C'est fou ce que la vie isolée et proche de la nature peut faire rêver et désirer les gens! Pas étonnant que ce soit un argument commercial fallacieux. Et sans que personne ou presque n'ai lu le Walden de Thoreau, hein, faut pas pousser! Nous vivons l'âge du Bien, et aller vivre dans le trou du cul du monde c'est Bien (mais pas trop loin quand même de la civilisation et avec pas mal de facilités technologiques discrètes mais écolos).

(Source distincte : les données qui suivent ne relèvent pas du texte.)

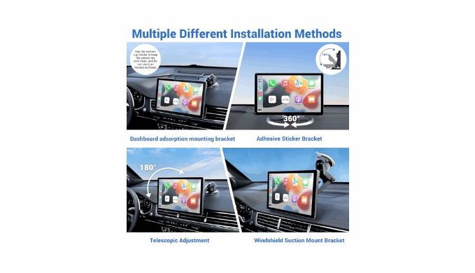 Easy Installation & Fit All Different Car: Portable carplay for car just plug and play directly with dashboard via connect cigarette lighter. No need to disassemble your car\'s console, keep your car original radio, perfect perfect for coexisting.The car play with screen is suitable for most motor vehicles, such as cars, trucks, vans, pickups and so on
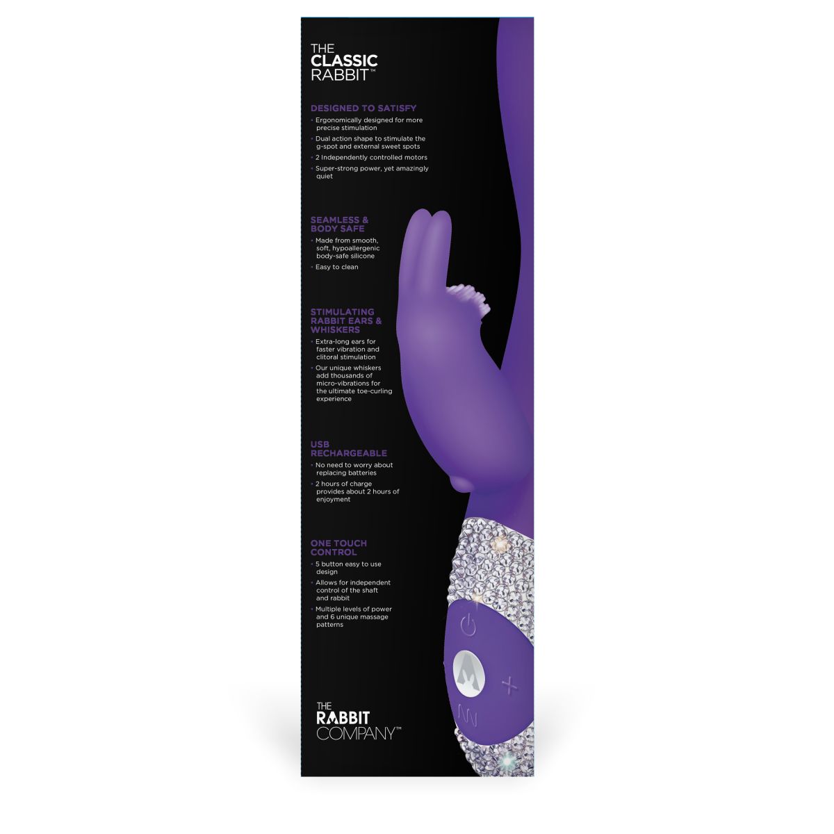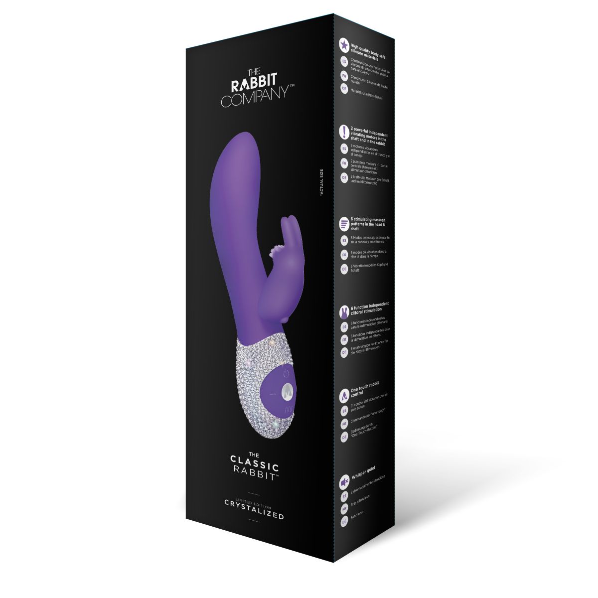 Фиолетовый вибромассажёр с клиторальным отростком и отделанной стразами рукоятью The Classic Rabbit - 22 см.

Pour mettre un bémol au bel unanimisme sucré et mettre un peu de pagaille dans le consensus qui a suivi la diffusion d'un reportage sur les nouveaux habitants de l'île de Quémenès je dirai que je connais bien l'archipel de Molène où est planté cette petite île pour y aller plusieurs fois par an depuis 23 ans. J'aime beaucoup cet endroit, qu'on ne s'y trompe pas, mais je sais qu'y vivre à l'année n'a rien de folichon. Pourquoi croyez vous que les goëmonniers aient quitté ces îles enchanteresses dès qu'ils le purent? Oh! bien sûr, c'est très sympa d'aller y passer la journée par beau temps, l'été et de rentrer le soir au Conquet pour manger une crêpe et aller boire une bière au bistro! Figurez-vous que la météo y est rarement enchanteresse (au moins 11 mois sur 12), avec des tempêtes à répétition, de la pluie fine et pénétrante qui dure des journées entières que parfois on croit ne plus voir le jour tellement il fait sombre entre le matin et le soir, de l'air tellement saturé d'humidité qu'on a l'impression d'être en permanence dans une lessiveuse ou dans le tambour d'une machine à laver, où rien ne sèche à l'extérieur, le bruit infernal que font les colonies de goëlands sans compter les collines de guano pestilentielles qu'il laissent, et l'odeur peu agréable mais permanente du goémon qui pourrit.
En ça nos îliens ont bien du courage d'habiter dans un tel trou. A lire les commentaires de leur blog ils vont avoir un problème de plus à vivre sur leur île déserte : les visites estivales de bobos extasiés par le retour à la nature qui viendront piétiner leurs plates-bandes et dégueulasser leurs plages.